Copy every record exactly, and keep the pictures out.

++++

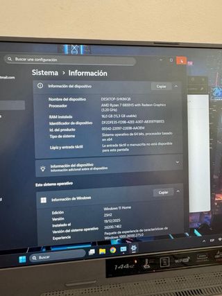 Vendo portátil HP en excelente estado, ideal para gaming. Tiene 2 años de uso, sin golpes ni rayas, con cargador original, y se entrega junto a una base de refrigeración, teclado y raton inalámbrico y un antivirus Norton de 1 año. 🔧 Especificaciones: Procesador: AMD Ryzen 7 7840HS Gráfica: NVIDIA GeForce RTX 4060 (8 GB GDDR6 dedicada) Memoria RAM: 16 GB DDR5 5600 MHz (2×8 GB) Almacenamiento: SSD NVMe Gen4 1 TB Pantalla: 16,1″ Full HD (1920×1080) 144 Hz, IPS, antirreflejos Conectividad: WiFi 6E, Bluetooth 5.3, Ethernet RJ-45, USB-C (DisplayPort 1.4a), HDMI 2. Bateria al 90% Windows 11 Home Solo entrega en mano Alcalá de Henares
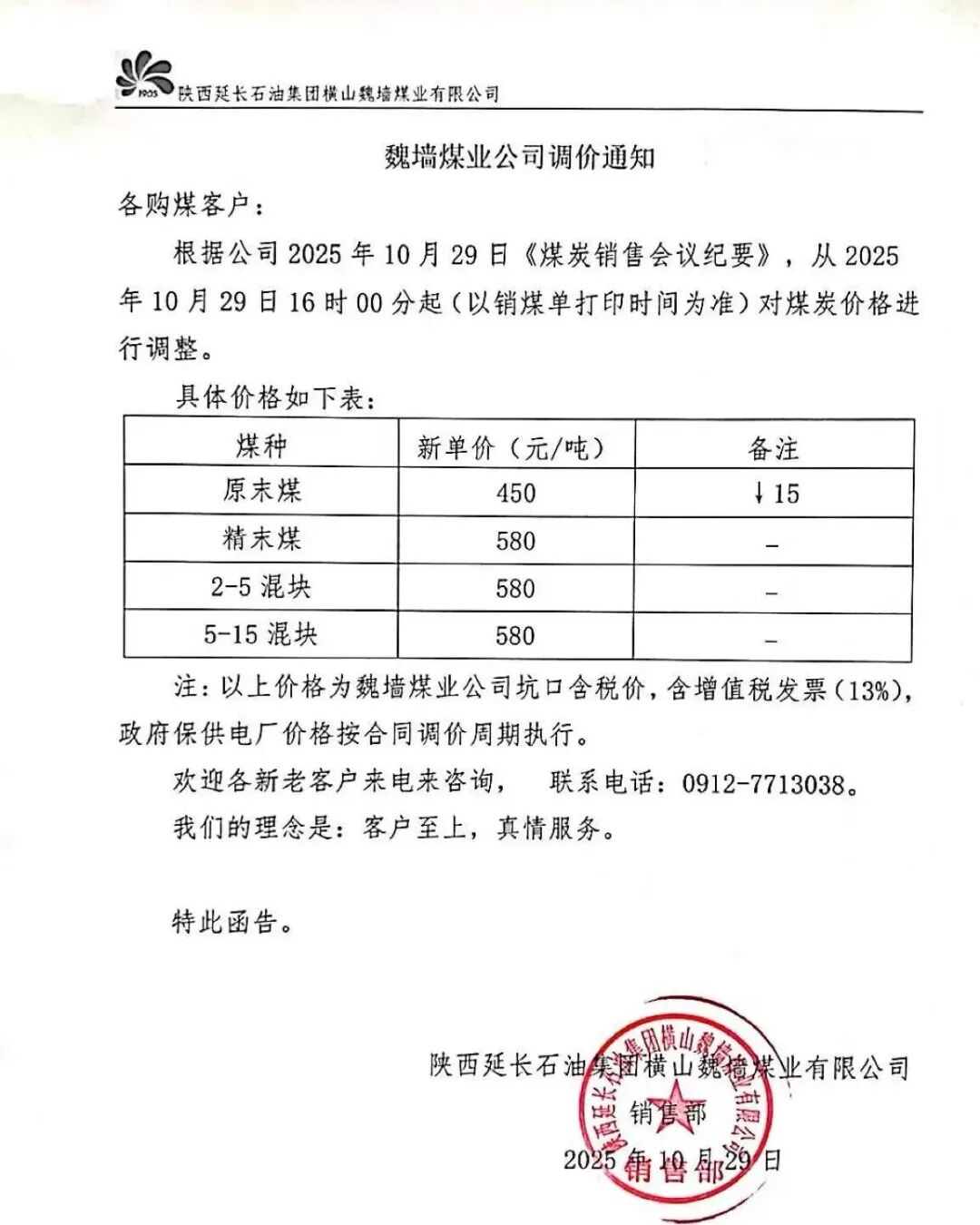 横山魏墙煤矿10月29日原末煤再降15元通知
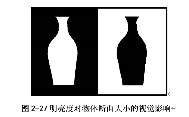 明度影响面积大小:图2-26中断面面积完全相等的两只花瓶,人们会感到白色的花瓶面积为大。这一现象的规律是:同面积物体,明度越高,则越显其大,因此欲显物体大些时,可采用明亮色,反之,则使用深暗色。
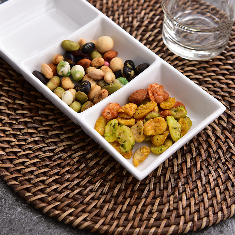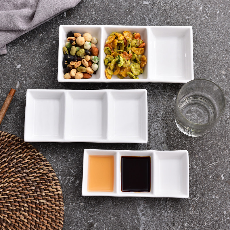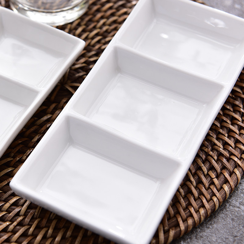 Ceramic three-grid plate Cold dish Sauce dish Small dish Snack dish Ceramic hotel hot pot special three-in-a-row plate
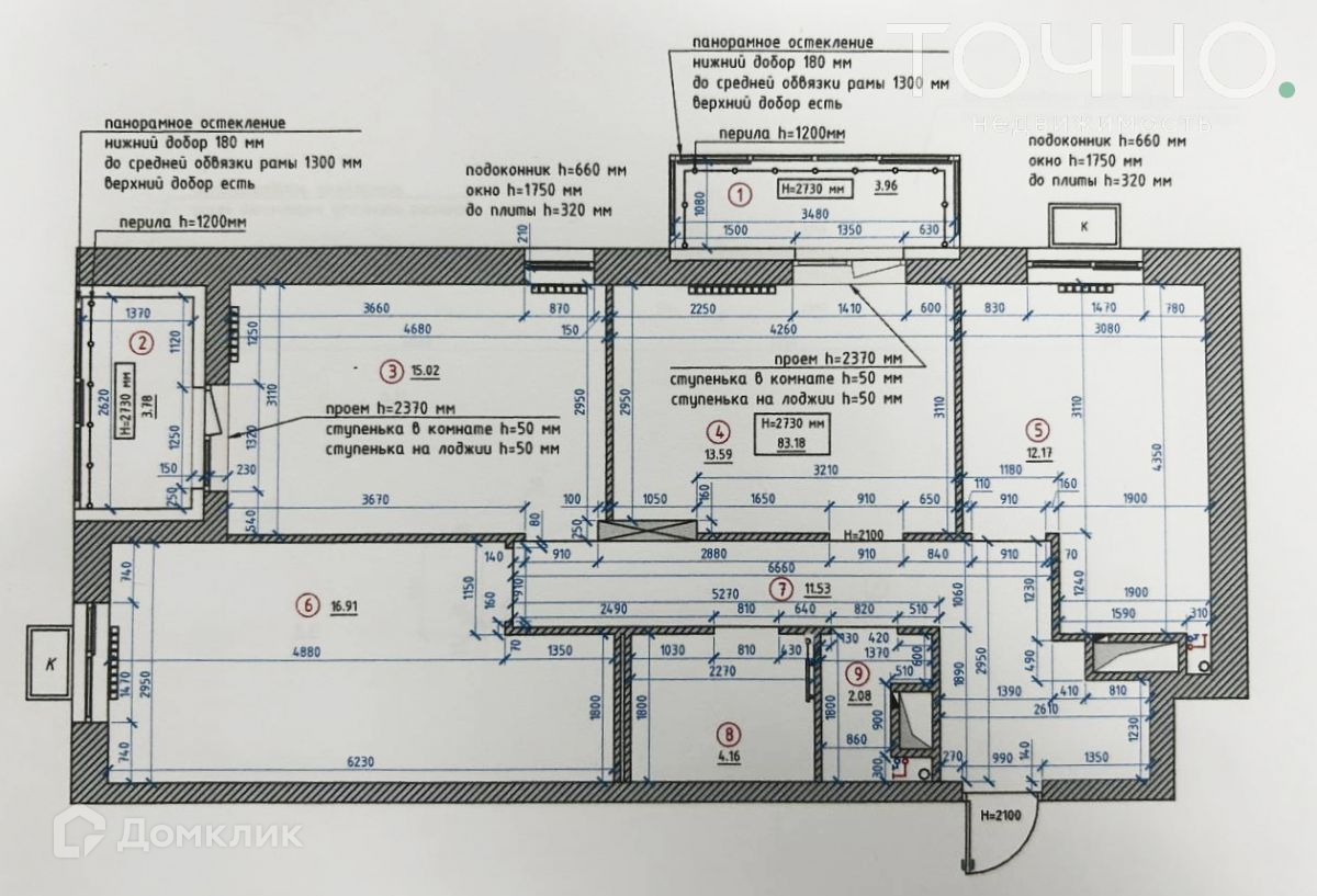 В квартире уже выполнена часть ремонтных работ: произведена замена стеклопакетов на обеих лоджиях на премиальные трехкамерные стеклопакеты с панорамным остеклением, произведен демонтаж перегородок.

++++

Reply to the exercise>
 Vendo portátil HP en excelente estado, ideal para gaming. Tiene 2 años de uso, sin golpes ni rayas, con cargador original, y se entrega junto a una base de refrigeración, teclado y raton inalámbrico y un antivirus Norton de 1 año. 🔧 Especificaciones: Procesador: AMD Ryzen 7 7840HS Gráfica: NVIDIA GeForce RTX 4060 (8 GB GDDR6 dedicada) Memoria RAM: 16 GB DDR5 5600 MHz (2×8 GB) Almacenamiento: SSD NVMe Gen4 1 TB Pantalla: 16,1″ Full HD (1920×1080) 144 Hz, IPS, antirreflejos Conectividad: WiFi 6E, Bluetooth 5.3, Ethernet RJ-45, USB-C (DisplayPort 1.4a), HDMI 2. Bateria al 90% Windows 11 Home Solo entrega en mano Alcalá de Henares
 横山魏墙煤矿10月29日原末煤再降15元通知
 明度影响面积大小:图2-26中断面面积完全相等的两只花瓶,人们会感到白色的花瓶面积为大。这一现象的规律是:同面积物体,明度越高,则越显其大,因此欲显物体大些时,可采用明亮色,反之,则使用深暗色。
 Ceramic three-grid plate Cold dish Sauce dish Small dish Snack dish Ceramic hotel hot pot special three-in-a-row plate
 В квартире уже выполнена часть ремонтных работ: произведена замена стеклопакетов на обеих лоджиях на премиальные трехкамерные стеклопакеты с панорамным остеклением, произведен демонтаж перегородок.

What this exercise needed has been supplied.